> What to do
Set down each of the records below exactly as it reads. No pictures go into the copy.

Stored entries
--- START ---

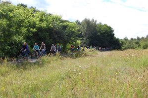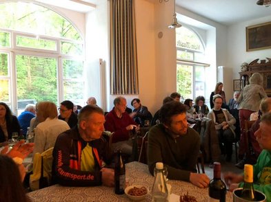 Rund 40 Radler*innen haben sich auch bei zweifelhaftem Wetter wieder in Hennigsdorf auf den Weg gemacht. In Hermsdorf setzt sich dann die Sonne durch. Und am Ziel gibt es Kaffee und Kuchen vom Grünen KV Reinickendorf.
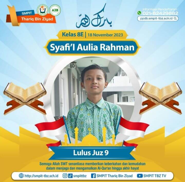 Baca juga : Syafi’i Aulia Rahman Kelas 8E Lulus Sertifikasi Alquran Juz 9
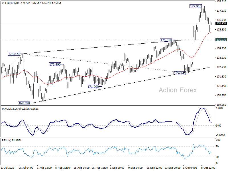 Intradenný sklon v EUR/JPY zostáva momentálne neutrálny a je možné očakávať určitú konsolidáciu. Ďalší rast sa očakáva, pokiaľ sa udržiava rezistencia 175.03 premenená na podporu. Na hornej strane pri prelomení úrovne 177.91 bude cieľom 61.8% projekcia pohybu z 161.06 na 173.87 od 172.24, konkrétne na úrovni 180.15. Avšak, pevné prelomenie úrovne 175.03 potvrdí krátkodobé vrcholenie a prinesie hlbší pokles späť k podpore 172.24.
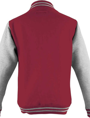 Just Hoods JHA043 Letterman Jacket - Fire Red Heather Gray
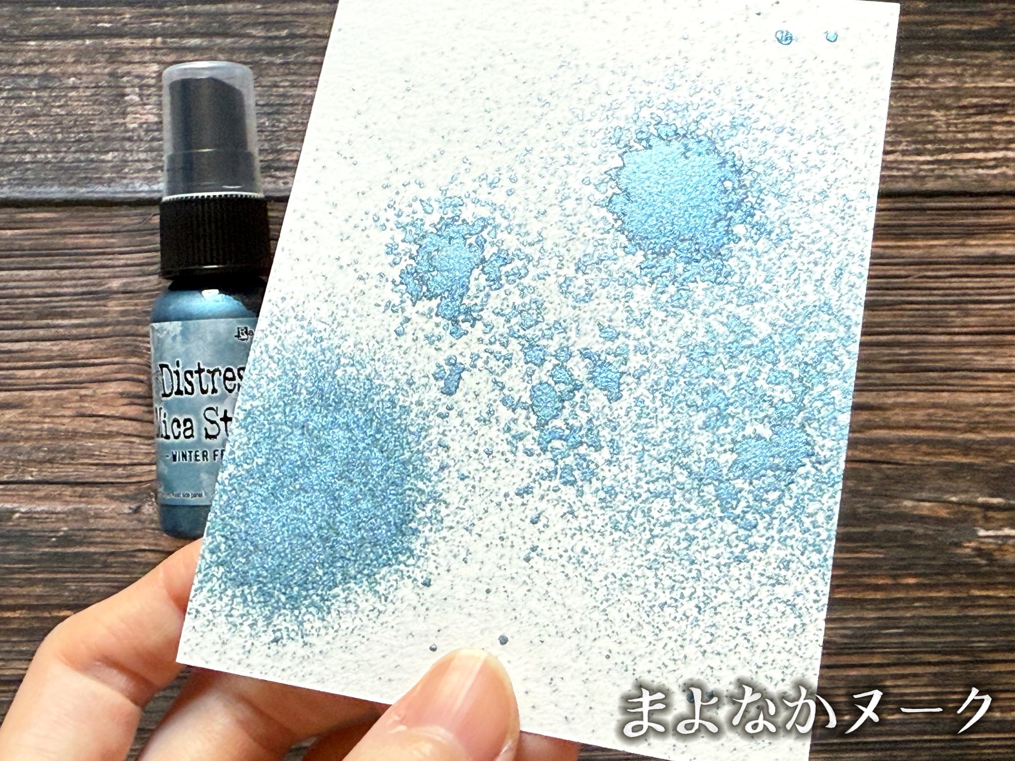 ディストレスマイカステインは、パール顔料がブレンドされたスプレーです。紙や木などの多孔質面に使用することができます。こちらの色は「Winter Frost」です。
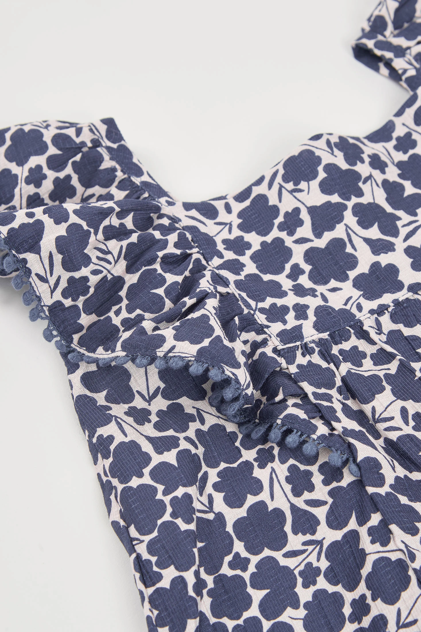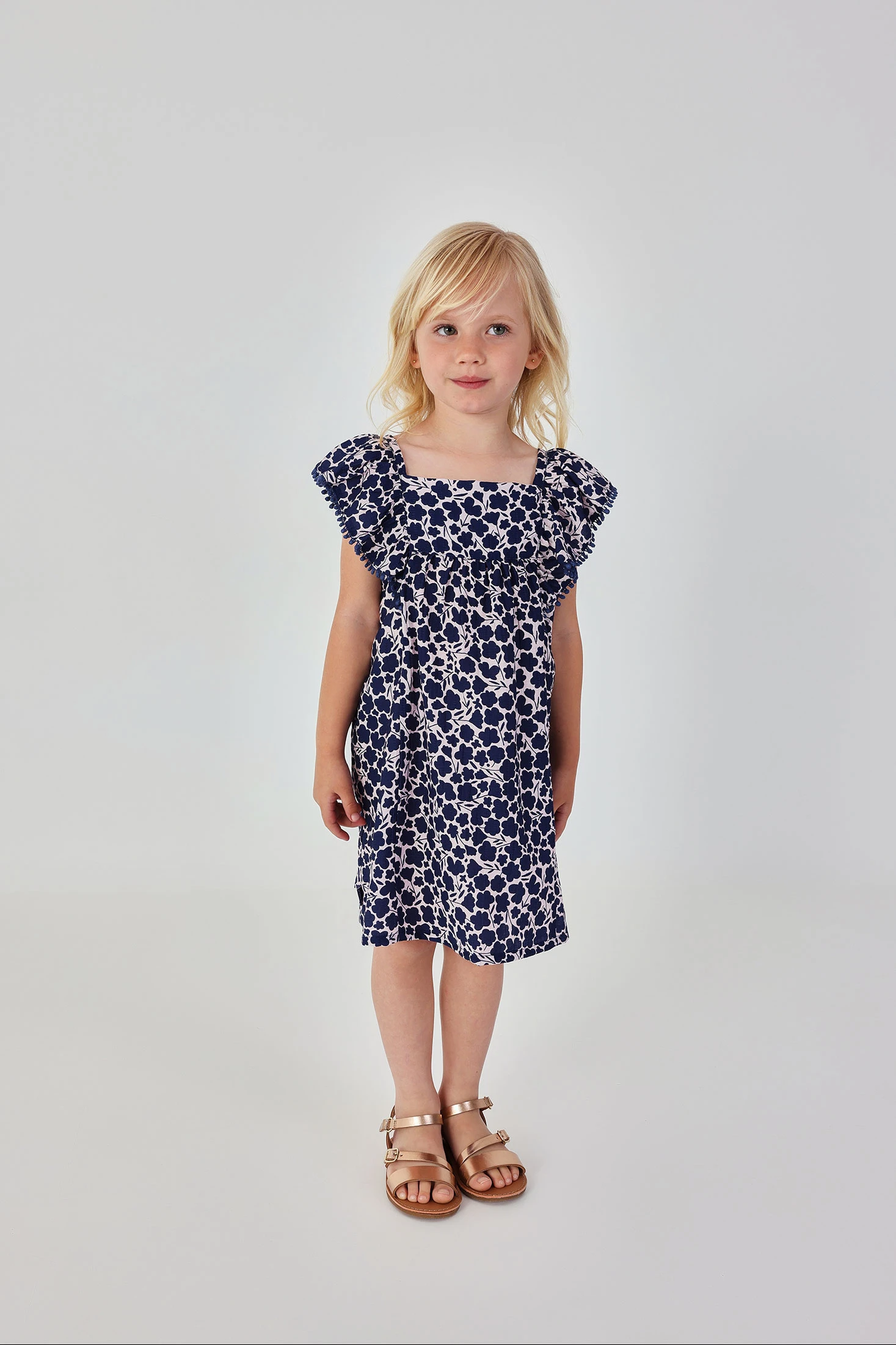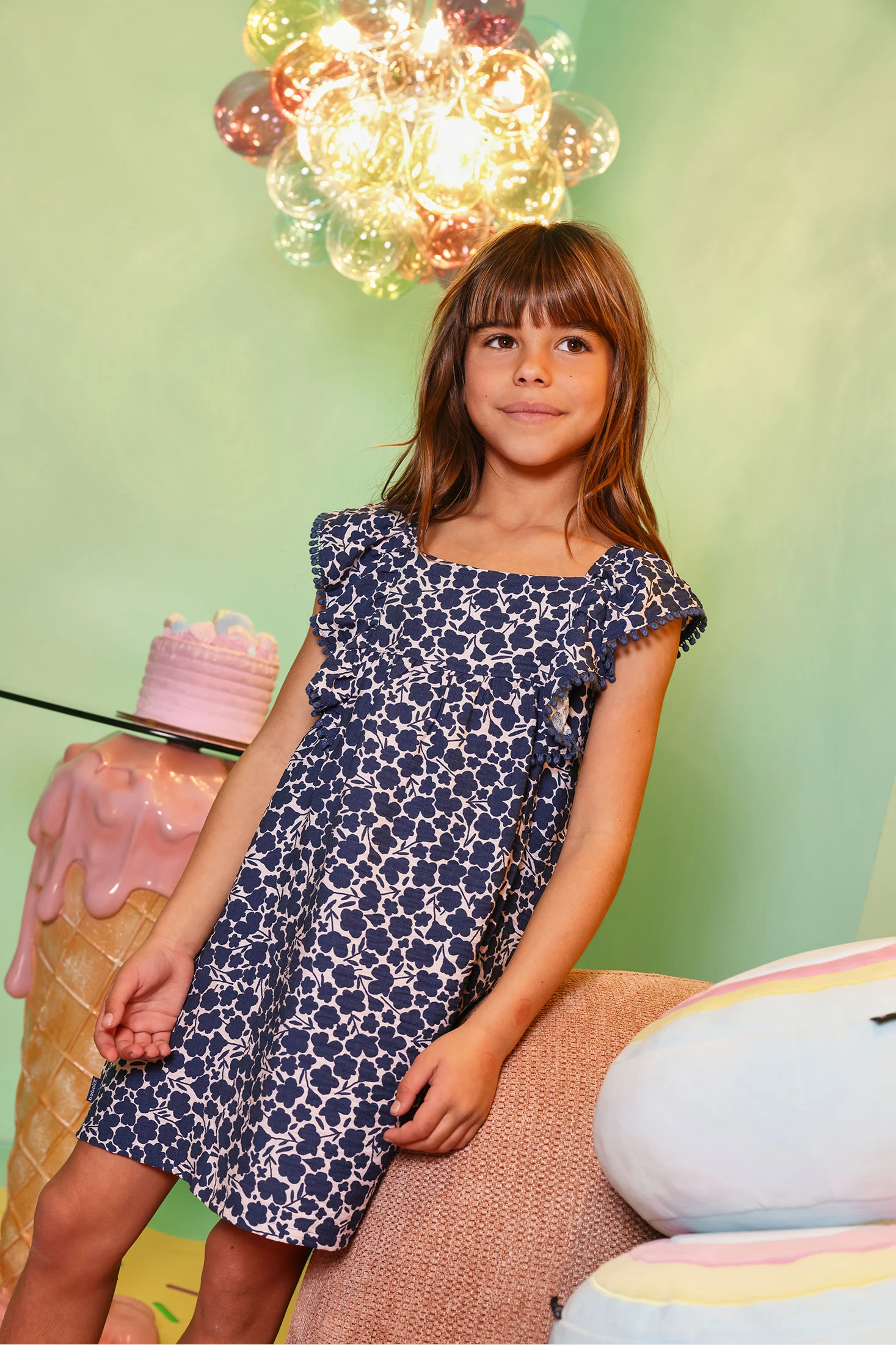 Vestit per a nena amb estampat floral en tons blau marí, ideal per a un look fresc i encantador. Tirants gruixuts amb volants afegeixen un toc femení i elegant. Confeccionat en un material lleuger i còmode, perfecte per mantenir la frescor en dies calorosos. Les talles disponibles van des de 12 mesos fins als 10 anys, adaptant-se al creixement de les petites. Ideal per a ocasions especials o per a l'ús diari, ofereix versatilitat i estil a qualsevol vestuari.
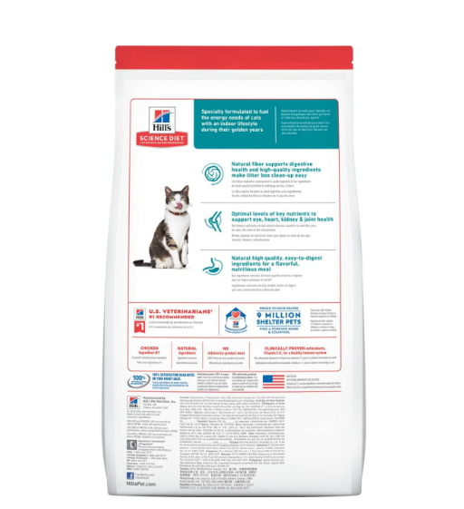 El alimento seco para gatos Hill's™ Science Diet™ Indoor Adult 11+ está especialmente formulado para para satisfacer las necesidades de energía de gatos con un estilo de vida de interiores durante sus años dorados.
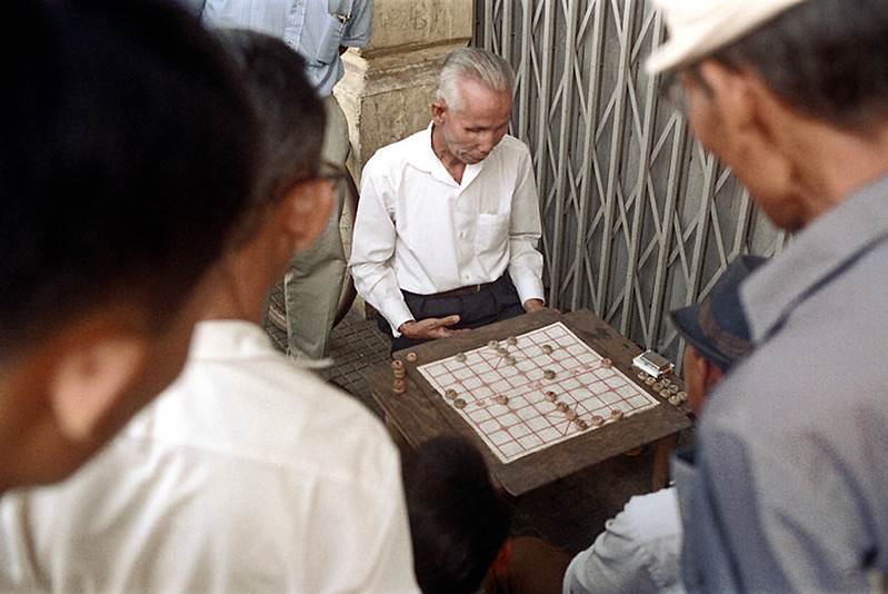Hình ảnh đời thường với hai cụ già chơi cờ tướng

--- END ---

> Worked solution
 Rund 40 Radler*innen haben sich auch bei zweifelhaftem Wetter wieder in Hennigsdorf auf den Weg gemacht. In Hermsdorf setzt sich dann die Sonne durch. Und am Ziel gibt es Kaffee und Kuchen vom Grünen KV Reinickendorf.
 Baca juga : Syafi’i Aulia Rahman Kelas 8E Lulus Sertifikasi Alquran Juz 9
 Intradenný sklon v EUR/JPY zostáva momentálne neutrálny a je možné očakávať určitú konsolidáciu. Ďalší rast sa očakáva, pokiaľ sa udržiava rezistencia 175.03 premenená na podporu. Na hornej strane pri prelomení úrovne 177.91 bude cieľom 61.8% projekcia pohybu z 161.06 na 173.87 od 172.24, konkrétne na úrovni 180.15. Avšak, pevné prelomenie úrovne 175.03 potvrdí krátkodobé vrcholenie a prinesie hlbší pokles späť k podpore 172.24.
 Just Hoods JHA043 Letterman Jacket - Fire Red Heather Gray
 ディストレスマイカステインは、パール顔料がブレンドされたスプレーです。紙や木などの多孔質面に使用することができます。こちらの色は「Winter Frost」です。
 Vestit per a nena amb estampat floral en tons blau marí, ideal per a un look fresc i encantador. Tirants gruixuts amb volants afegeixen un toc femení i elegant. Confeccionat en un material lleuger i còmode, perfecte per mantenir la frescor en dies calorosos. Les talles disponibles van des de 12 mesos fins als 10 anys, adaptant-se al creixement de les petites. Ideal per a ocasions especials o per a l'ús diari, ofereix versatilitat i estil a qualsevol vestuari.
 El alimento seco para gatos Hill's™ Science Diet™ Indoor Adult 11+ está especialmente formulado para para satisfacer las necesidades de energía de gatos con un estilo de vida de interiores durante sus años dorados.
Hình ảnh đời thường với hai cụ già chơi cờ tướng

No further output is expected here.